I also tried to extend the StringWriter with a sealed class with constructor method which allows you to enter the type of encoding as a parameter. But trying all the encodings available it still generates wrong charachters.

This is our extension of StringWriter:

public sealed class StringWriterWithEncoding : StringWriter
{
    private readonly Encoding encoding;

    public StringWriterWithEncoding() : this(Encoding.UTF8) { }

    public StringWriterWithEncoding(Encoding encoding)
    {
        this.encoding = encoding;
    }

    public override Encoding Encoding
    {
        get { return encoding; }
    }
}

and this is the code for generate the csv file:

StringWriterWithEncoding sw = new StringWriterWithEncoding();

// Header
sw.WriteLine(string.Format("{0};{1};{2};{3};{4};{5};{6};{7};{8};{9};", "Soddisfazione", "Data Ricerca", "Categorie Cercate", "Id Utente", "Utente", "Categoria", "Id Documento", "Documento", "Id Sessione", "Testo Ricerca"));

foreach (var item in result.modelListDyn)
{
   sw.WriteLine(string.Format("{0};{1};{2};{3};{4};{5};{6};{7};{8};{9};", item.Satisfaction, item.Date, item.Cluster, item.UserId, item.Username, item.Category, item.DocumentId, HttpUtility.HtmlDecode(item.DocumentTitle.ToString()), item.SessionId, 
   item.TextSearch));
}

var response = Request.CreateResponse(HttpStatusCode.OK, sw.ToString());

response.Content.Headers.ContentType = new System.Net.Http.Headers.MediaTypeHeaderValue("text/plain");

return response;

When the file is generated on in a column with some text, it display strange chars: L’indennità di licenziamento del Jobs Act è incostituzionale

This is italian, and the wrong chars are seems to be à è ò ' ù etc.

Anyone can suggest a solution? Thank you!

UPDATE

As user suggested, i started using CsvHelper I created a Class and a ClassMap but it still returns corrupted chars.

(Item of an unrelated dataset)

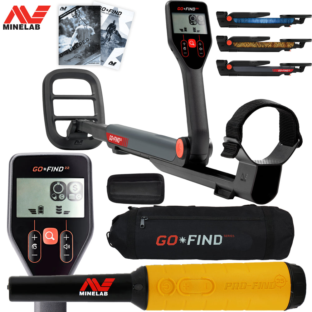 Minelab GO-FIND 22 Metal Detector with PRO FIND 35 and Black Transport Carry Bag.

StringWriter sw = new StringWriter();
CsvWriter cw = new CsvWriter(sw);
using (CsvWriter csv = new CsvWriter(sw))
{
  csv.Configuration.RegisterClassMap<HistorySearchModelCsvHelperMap>();
  csv.Configuration.CultureInfo = CultureInfo.InvariantCulture;
  csv.WriteRecords(csvModelHelperList);
}

Result: enter image description here

UPDATE 2

The problem is client-side, my action returns the correct text, without broken chars. Action is triggered when i call it with an axios get instance.

axios.get(url, {
   headers: {
      'Accept': 'application/vnd.ms-excel',
      'Content-Type': 'application/vnd.ms-excel'
   }
})
.then(({ data }) => {
   const blob = new Blob([data], {
      type: 'application/vnd.ms-excel',
   });
   // "fileDownload" is 'js-file-download' module.
   fileDownload(blob, 'HistorySearches.csv', 'application/vnd.ms-excel');
   this.setState({ exportLoaded: true, exportLoading: false });
}).catch(() => {
   this.setState({ exportLoaded: false, exportLoading: false });
});

I read to set responseType to blob but even passing the type: 'application/vnd.ms-excel' the chars over my csv file are still corrupted. In my action when i return the Response:

// ... some code

StringWriterWithEncoding sw = new StringWriterWithEncoding();
CsvWriter cw = new CsvWriter(sw);
using (CsvWriter csv = new CsvWriter(sw))
{
    csv.Configuration.RegisterClassMap<HistorySearchModelCsvHelperMap>();
    csv.Configuration.CultureInfo = CultureInfo.InvariantCulture;
    csv.WriteRecords(csvModelHelperList);
}

return Request.CreateResponse(HttpStatusCode.OK, sw.ToString());
// response.Content.Headers.ContentType = new System.Net.Http.Headers.MediaTypeHeaderValue("application/vnd.ms-excel");

return response;

I tried to set content type server-side too, but the format is incorrect anyway.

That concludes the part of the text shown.